Dr. habil. Cornelius Friesendorf and Dr. Wolfgang Zellner
Three years ago, Russian troops advanced towards Kyiv. Since then, the Ukrainian population has been living in a state of terror: Russia has bombed hospitals, established a regime of torture in the occupied territories, and has grown increasingly fascist. Trump’s proposed deal with Putin has dramatically reshaped the situation – including for Germany. A new federal government must significantly increase military aid to Ukraine and publicly justify this decision, as populists will argue that such a deal renders military assistance unnecessary.
Moscow triumphant
Trump’s initiative is a dream come true for the Kremlin. Moscow negotiates directly with the United States, while Ukrainians are relegated to a subordinate role – reminiscent of the 1938 Munich Agreement, in which France, Britain, Italy, and Nazi Germany decided that Czechoslovakia must cede the Sudetenland to Germany. Czechoslovakia was not even invited to the conference.

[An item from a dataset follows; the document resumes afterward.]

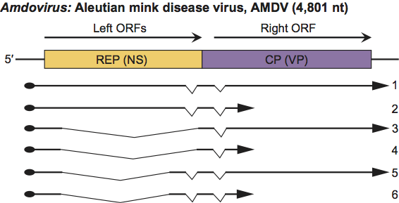 Figure 7 Gene organization and transcription scheme for the member of the genus Amdovirus, as shown for Aleutian mink disease virus (AMDV). Genes are shown as boxes. The left ends of the mRNAs (thick lines) are the sites of the mRNA caps (filled circles), the right ends are the polyadenylation sites (arrows); introns are indicated by thin lines (1=R1; 2=R1; 3=R2; 4=R2; 5=Rx; 6=Rx).

Ukraine is to be barred from NATO membership. Conceding this before negotiations even began was a fundamental misstep, especially for someone who prides himself on his deal-making abilities. Above all, Moscow can celebrate the fact that the United States is disengaging from Europe – one of its core strategic objectives since the Soviet era.
Neither just nor stable
Rather than a just peace, this will likely be a dictated settlement. Nor will the proposed deal lead to lasting stability. Research into the motivations behind Russian security policy suggests that a genuine balance of interests – one that curtails Russia’s territorial revisionism – is impossible under the current Kremlin leadership.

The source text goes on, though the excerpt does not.